→ **What is required**
Pictures left aside, return the lines below exactly, from the one with "Though the use" to the end, including both ends.

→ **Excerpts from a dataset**

=== Section Start ===

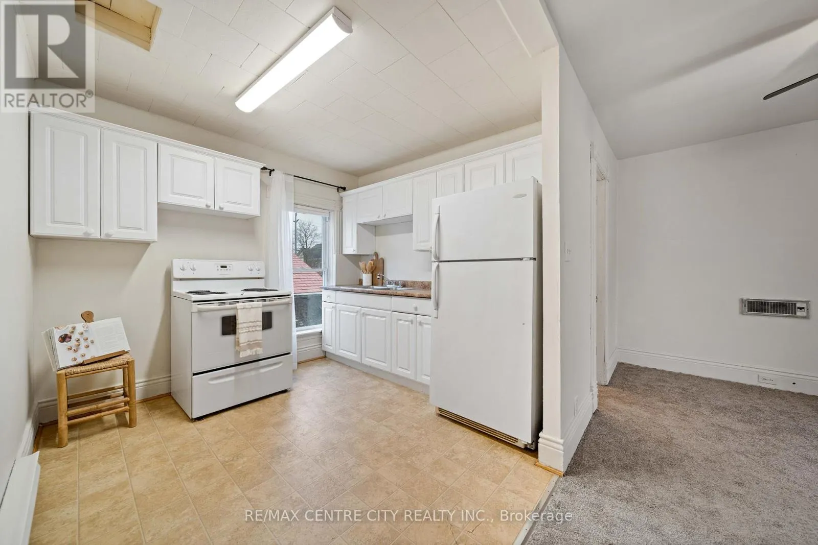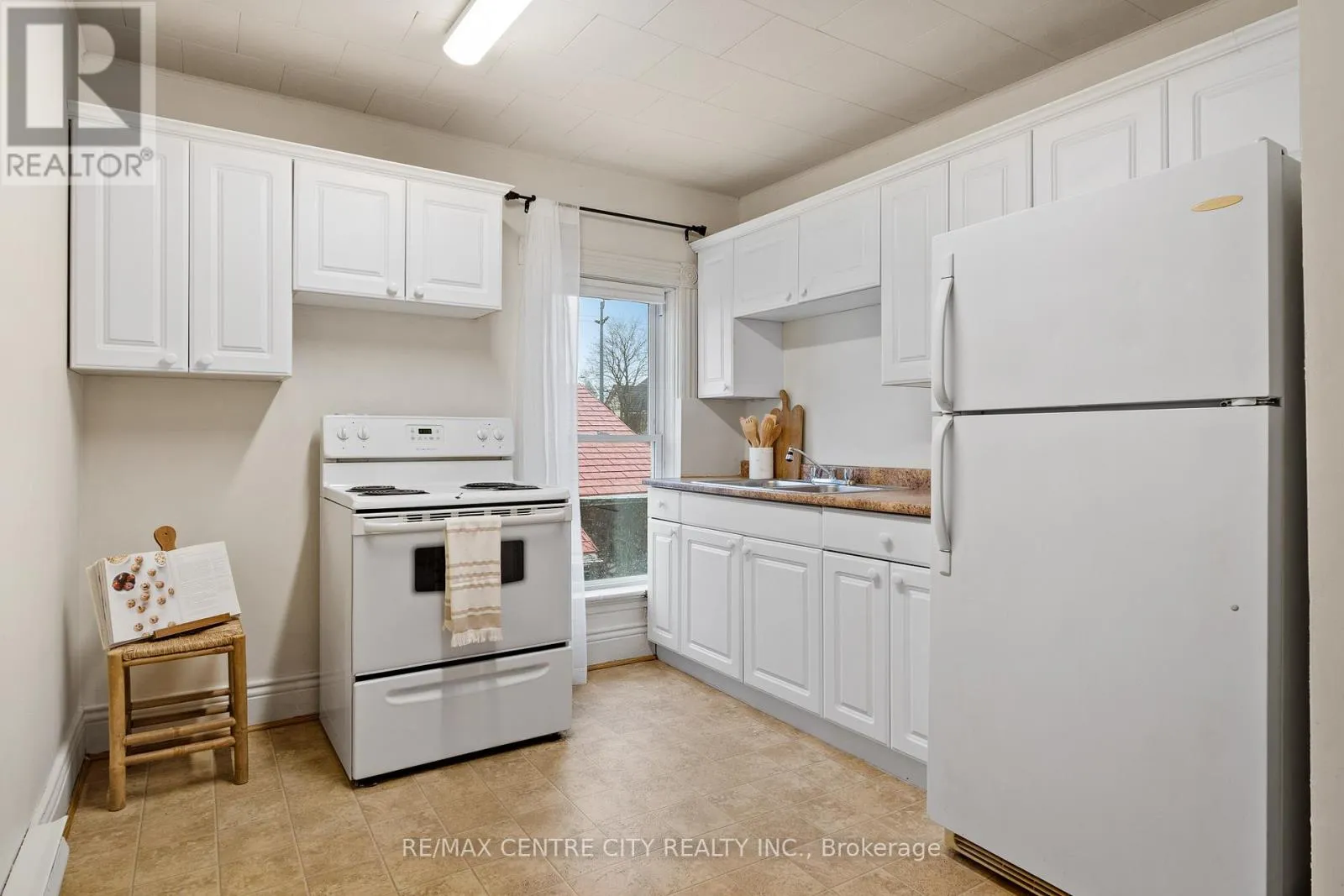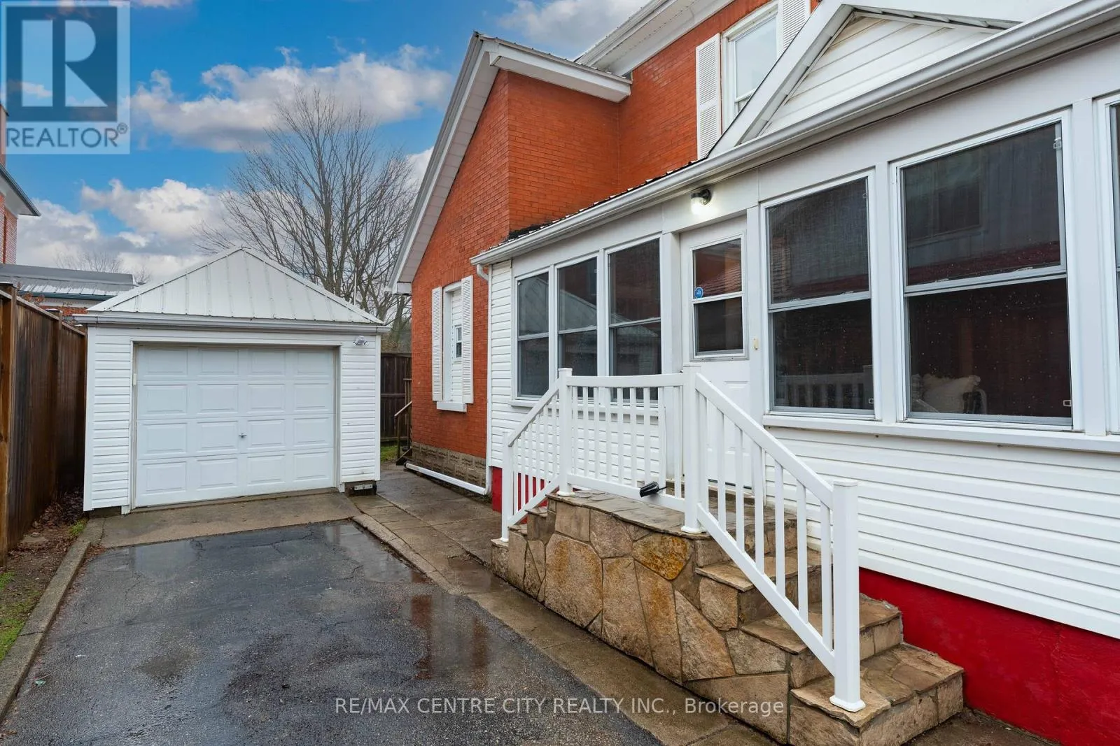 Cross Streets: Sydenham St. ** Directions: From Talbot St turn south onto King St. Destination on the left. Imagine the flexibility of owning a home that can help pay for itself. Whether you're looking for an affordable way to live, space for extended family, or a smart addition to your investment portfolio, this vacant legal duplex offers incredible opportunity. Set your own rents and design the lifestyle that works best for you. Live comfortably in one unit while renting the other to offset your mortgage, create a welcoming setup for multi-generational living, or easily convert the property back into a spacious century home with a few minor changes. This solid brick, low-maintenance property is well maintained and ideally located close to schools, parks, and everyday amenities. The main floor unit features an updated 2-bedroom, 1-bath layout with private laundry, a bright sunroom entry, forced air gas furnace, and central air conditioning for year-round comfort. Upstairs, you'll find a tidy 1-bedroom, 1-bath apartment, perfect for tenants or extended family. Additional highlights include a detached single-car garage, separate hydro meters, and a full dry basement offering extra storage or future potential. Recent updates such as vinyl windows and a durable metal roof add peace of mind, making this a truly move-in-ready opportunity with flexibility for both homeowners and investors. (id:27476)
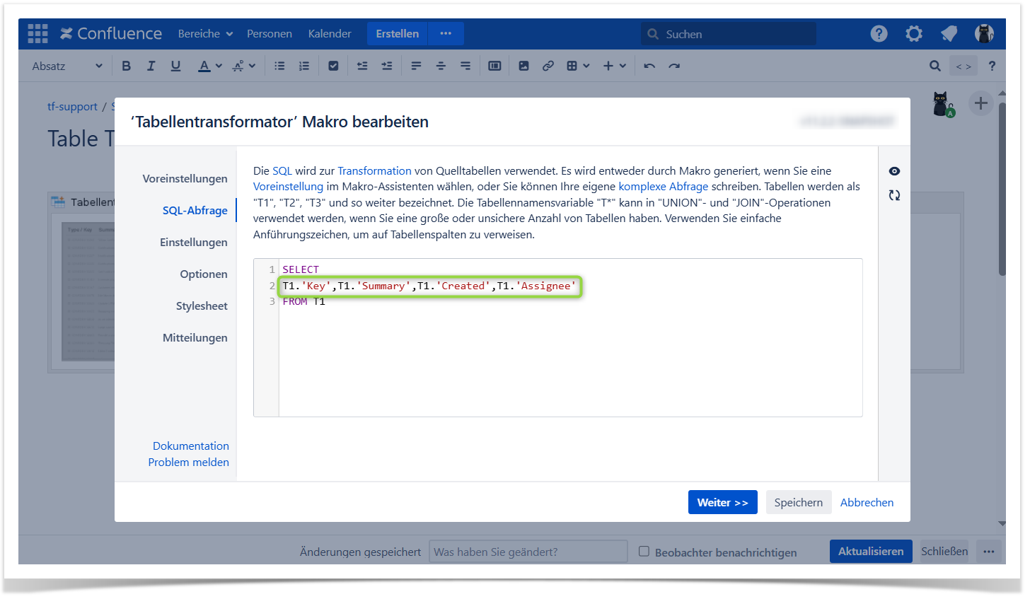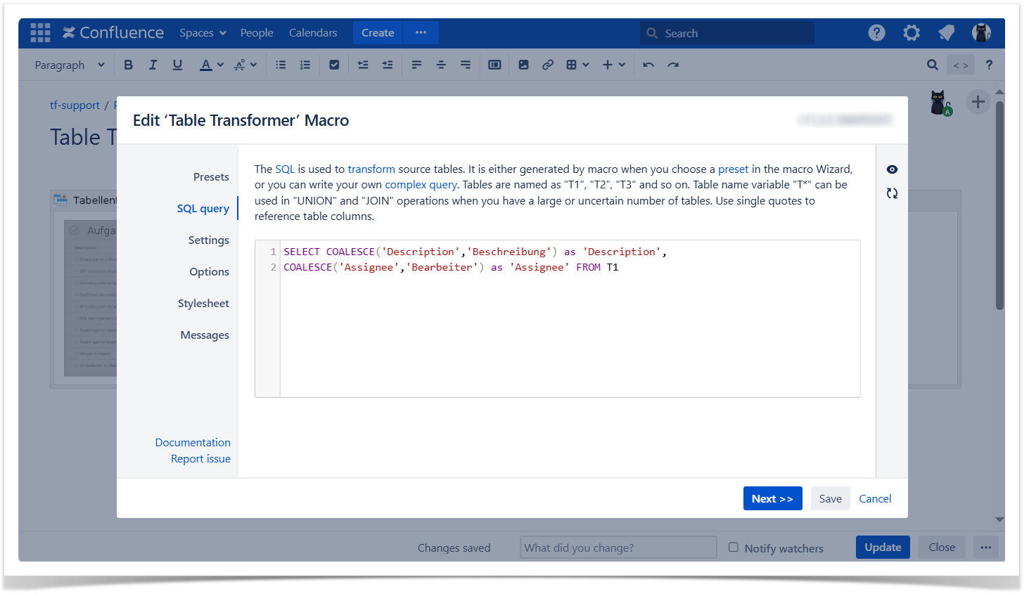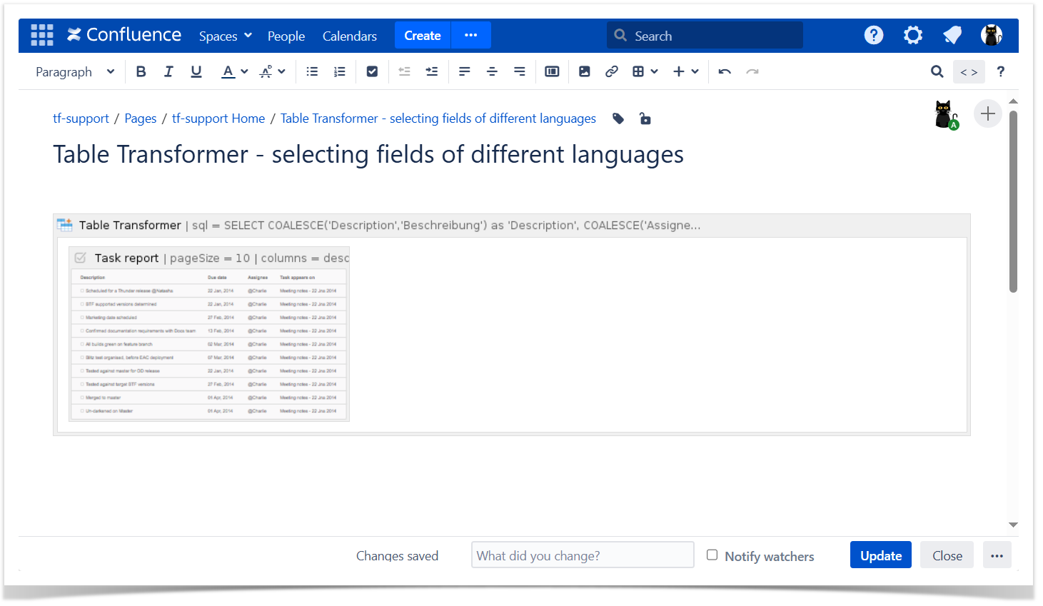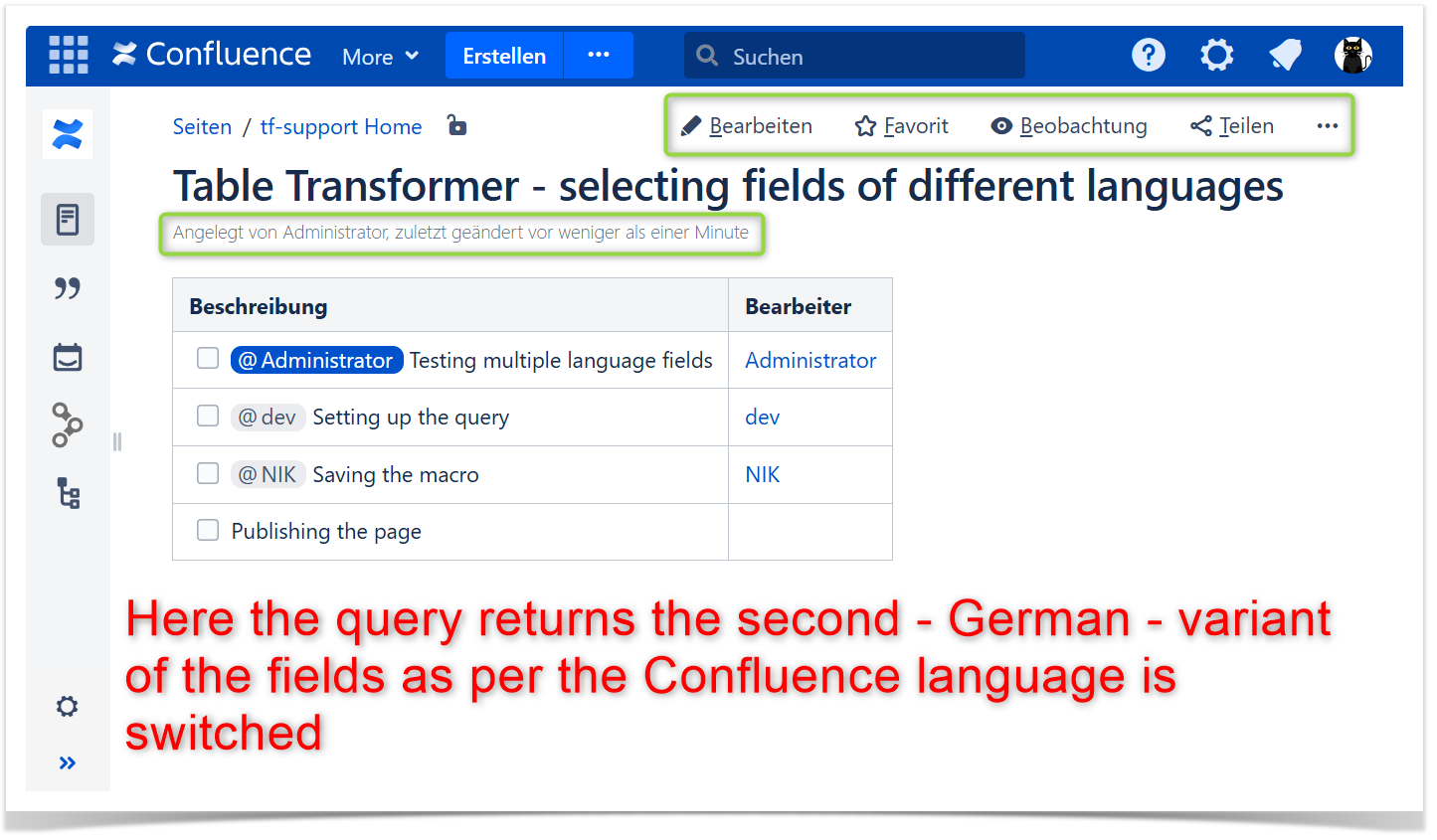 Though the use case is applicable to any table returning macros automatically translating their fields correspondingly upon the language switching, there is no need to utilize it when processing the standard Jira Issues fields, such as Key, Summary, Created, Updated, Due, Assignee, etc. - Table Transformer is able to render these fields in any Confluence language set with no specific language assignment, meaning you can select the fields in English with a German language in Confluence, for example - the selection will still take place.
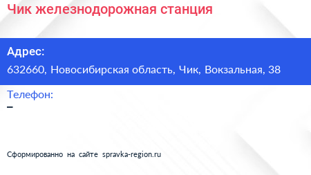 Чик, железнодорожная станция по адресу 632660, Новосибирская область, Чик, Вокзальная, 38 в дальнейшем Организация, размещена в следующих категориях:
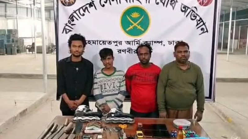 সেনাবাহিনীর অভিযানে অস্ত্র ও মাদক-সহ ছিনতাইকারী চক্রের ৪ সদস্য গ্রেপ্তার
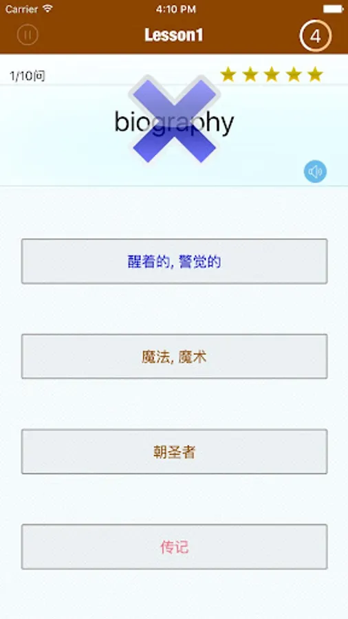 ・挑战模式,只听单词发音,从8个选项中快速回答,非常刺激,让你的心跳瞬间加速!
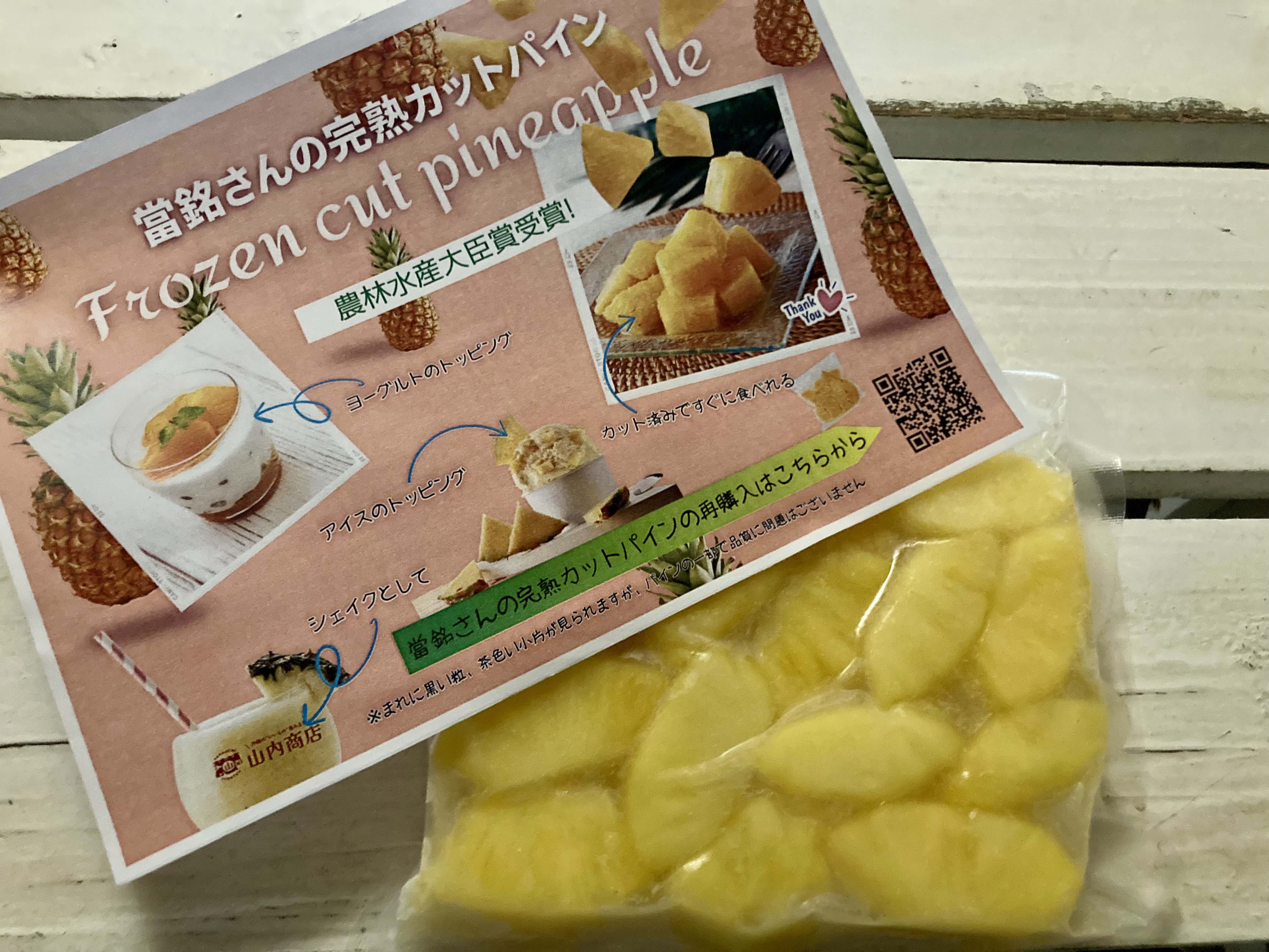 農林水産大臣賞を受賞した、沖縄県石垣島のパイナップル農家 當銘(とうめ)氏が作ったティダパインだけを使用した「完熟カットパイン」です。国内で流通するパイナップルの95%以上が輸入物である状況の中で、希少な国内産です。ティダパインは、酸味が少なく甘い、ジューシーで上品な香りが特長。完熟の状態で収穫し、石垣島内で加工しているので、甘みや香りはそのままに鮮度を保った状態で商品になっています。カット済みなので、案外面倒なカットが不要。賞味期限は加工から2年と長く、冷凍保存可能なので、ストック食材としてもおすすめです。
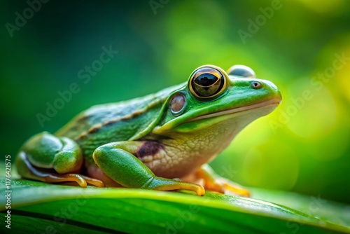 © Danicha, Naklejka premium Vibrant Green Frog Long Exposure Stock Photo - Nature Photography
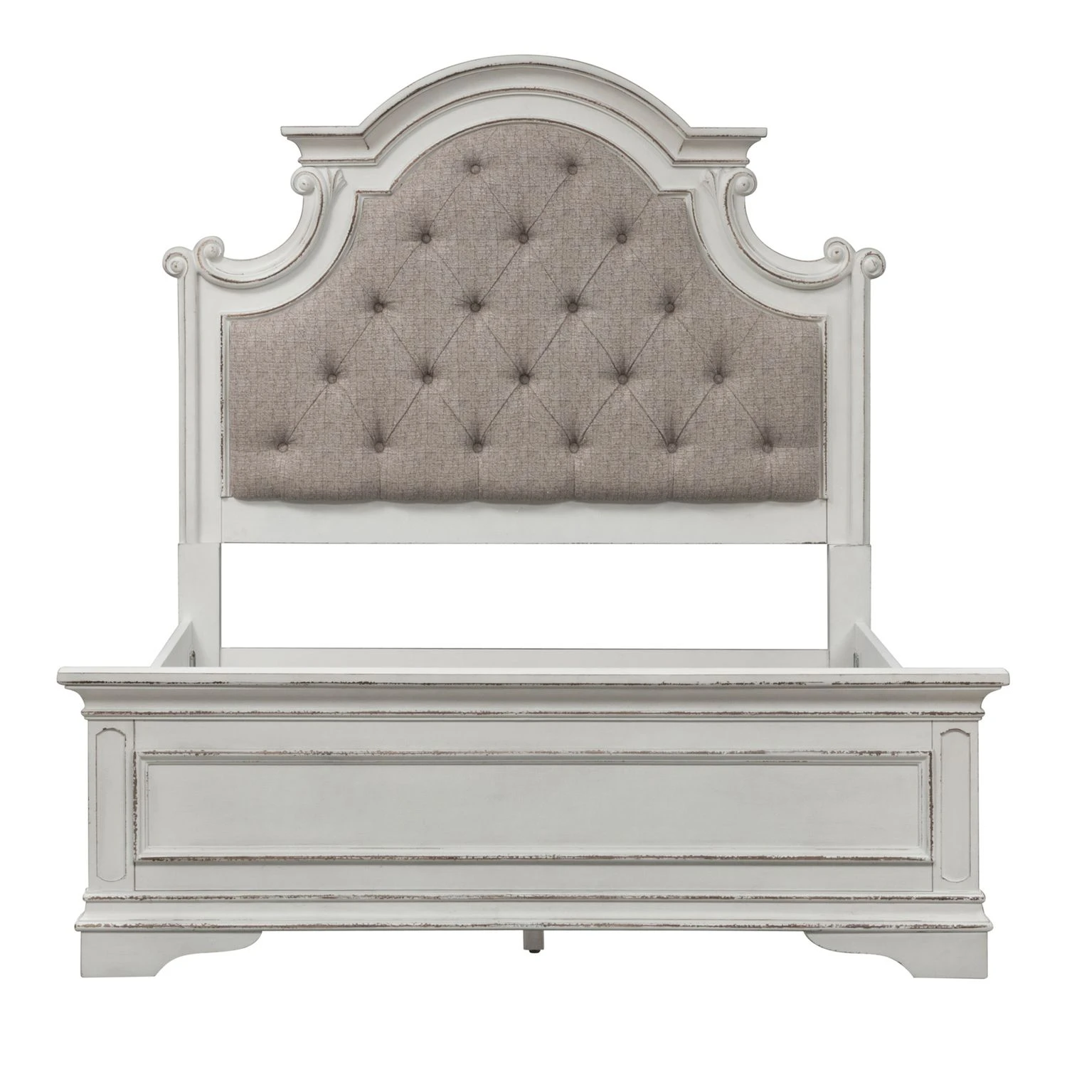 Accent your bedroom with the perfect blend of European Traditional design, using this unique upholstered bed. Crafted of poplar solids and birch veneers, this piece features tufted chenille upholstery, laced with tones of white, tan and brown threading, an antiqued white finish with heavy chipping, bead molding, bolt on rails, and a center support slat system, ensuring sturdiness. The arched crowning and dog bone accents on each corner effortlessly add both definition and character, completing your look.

=== Section End ===

→ **Task output**
 Though the use case is applicable to any table returning macros automatically translating their fields correspondingly upon the language switching, there is no need to utilize it when processing the standard Jira Issues fields, such as Key, Summary, Created, Updated, Due, Assignee, etc. - Table Transformer is able to render these fields in any Confluence language set with no specific language assignment, meaning you can select the fields in English with a German language in Confluence, for example - the selection will still take place.
 Чик, железнодорожная станция по адресу 632660, Новосибирская область, Чик, Вокзальная, 38 в дальнейшем Организация, размещена в следующих категориях:
 সেনাবাহিনীর অভিযানে অস্ত্র ও মাদক-সহ ছিনতাইকারী চক্রের ৪ সদস্য গ্রেপ্তার
 ・挑战模式,只听单词发音,从8个选项中快速回答,非常刺激,让你的心跳瞬间加速!
 農林水産大臣賞を受賞した、沖縄県石垣島のパイナップル農家 當銘(とうめ)氏が作ったティダパインだけを使用した「完熟カットパイン」です。国内で流通するパイナップルの95%以上が輸入物である状況の中で、希少な国内産です。ティダパインは、酸味が少なく甘い、ジューシーで上品な香りが特長。完熟の状態で収穫し、石垣島内で加工しているので、甘みや香りはそのままに鮮度を保った状態で商品になっています。カット済みなので、案外面倒なカットが不要。賞味期限は加工から2年と長く、冷凍保存可能なので、ストック食材としてもおすすめです。
 © Danicha, Naklejka premium Vibrant Green Frog Long Exposure Stock Photo - Nature Photography
 Accent your bedroom with the perfect blend of European Traditional design, using this unique upholstered bed. Crafted of poplar solids and birch veneers, this piece features tufted chenille upholstery, laced with tones of white, tan and brown threading, an antiqued white finish with heavy chipping, bead molding, bolt on rails, and a center support slat system, ensuring sturdiness. The arched crowning and dog bone accents on each corner effortlessly add both definition and character, completing your look.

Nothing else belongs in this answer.